AIM OF THE EXERCISE
Go through the listing below and write out exactly the lines from the one that mentions "Three drumsticks from" through the one that mentions "This greeting card", minus the pictures.
(EXTRACTED DATA)
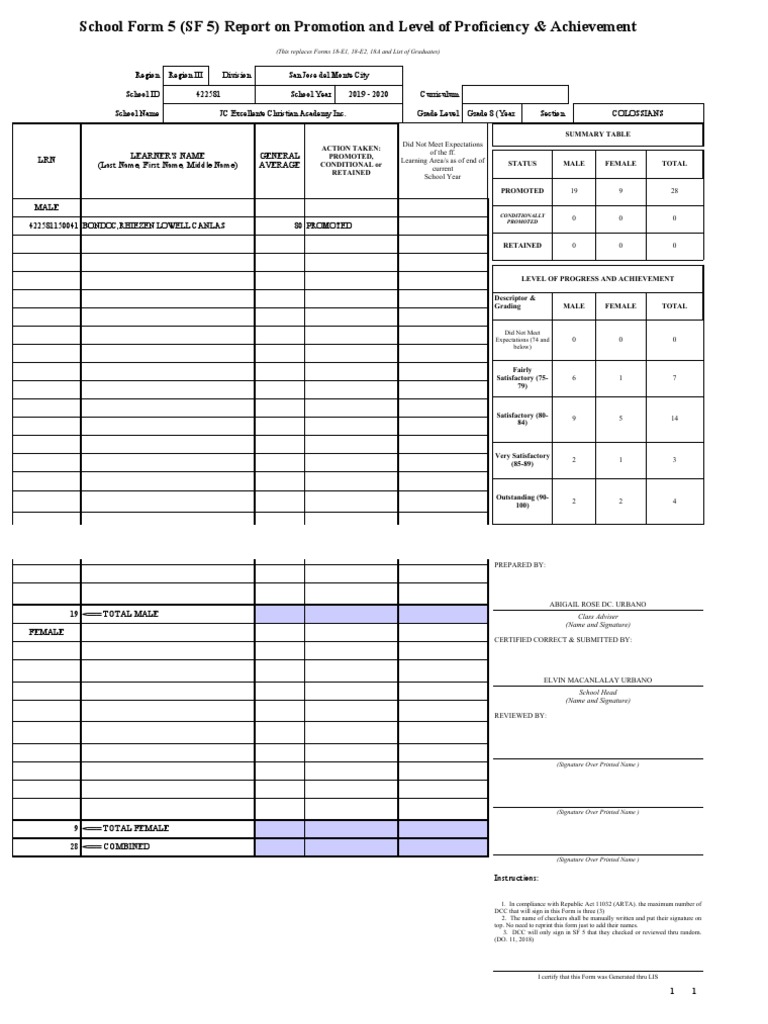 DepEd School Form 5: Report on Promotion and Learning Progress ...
(End EXTRACTED DATA)
(EXTRACTED DATA)
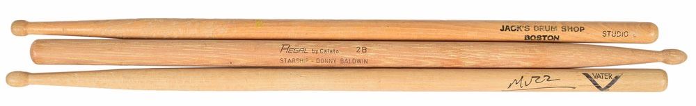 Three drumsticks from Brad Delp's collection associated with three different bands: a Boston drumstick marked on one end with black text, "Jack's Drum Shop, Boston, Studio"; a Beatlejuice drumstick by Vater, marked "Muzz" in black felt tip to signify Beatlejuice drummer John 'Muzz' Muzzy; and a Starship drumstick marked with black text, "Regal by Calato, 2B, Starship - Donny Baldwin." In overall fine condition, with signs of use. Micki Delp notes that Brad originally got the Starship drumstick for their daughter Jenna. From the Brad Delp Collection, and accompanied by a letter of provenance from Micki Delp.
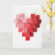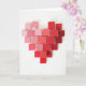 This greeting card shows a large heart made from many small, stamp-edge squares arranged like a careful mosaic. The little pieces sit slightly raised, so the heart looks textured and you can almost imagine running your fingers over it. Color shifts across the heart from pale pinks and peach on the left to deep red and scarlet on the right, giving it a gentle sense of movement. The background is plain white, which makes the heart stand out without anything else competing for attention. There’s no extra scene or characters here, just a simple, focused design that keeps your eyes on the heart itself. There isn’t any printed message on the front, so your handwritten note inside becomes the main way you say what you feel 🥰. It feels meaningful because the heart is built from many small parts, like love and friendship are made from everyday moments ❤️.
(End EXTRACTED DATA)
RESPONSE AREA
 Three drumsticks from Brad Delp's collection associated with three different bands: a Boston drumstick marked on one end with black text, "Jack's Drum Shop, Boston, Studio"; a Beatlejuice drumstick by Vater, marked "Muzz" in black felt tip to signify Beatlejuice drummer John 'Muzz' Muzzy; and a Starship drumstick marked with black text, "Regal by Calato, 2B, Starship - Donny Baldwin." In overall fine condition, with signs of use. Micki Delp notes that Brad originally got the Starship drumstick for their daughter Jenna. From the Brad Delp Collection, and accompanied by a letter of provenance from Micki Delp.
 This greeting card shows a large heart made from many small, stamp-edge squares arranged like a careful mosaic. The little pieces sit slightly raised, so the heart looks textured and you can almost imagine running your fingers over it. Color shifts across the heart from pale pinks and peach on the left to deep red and scarlet on the right, giving it a gentle sense of movement. The background is plain white, which makes the heart stand out without anything else competing for attention. There’s no extra scene or characters here, just a simple, focused design that keeps your eyes on the heart itself. There isn’t any printed message on the front, so your handwritten note inside becomes the main way you say what you feel 🥰. It feels meaningful because the heart is built from many small parts, like love and friendship are made from everyday moments ❤️.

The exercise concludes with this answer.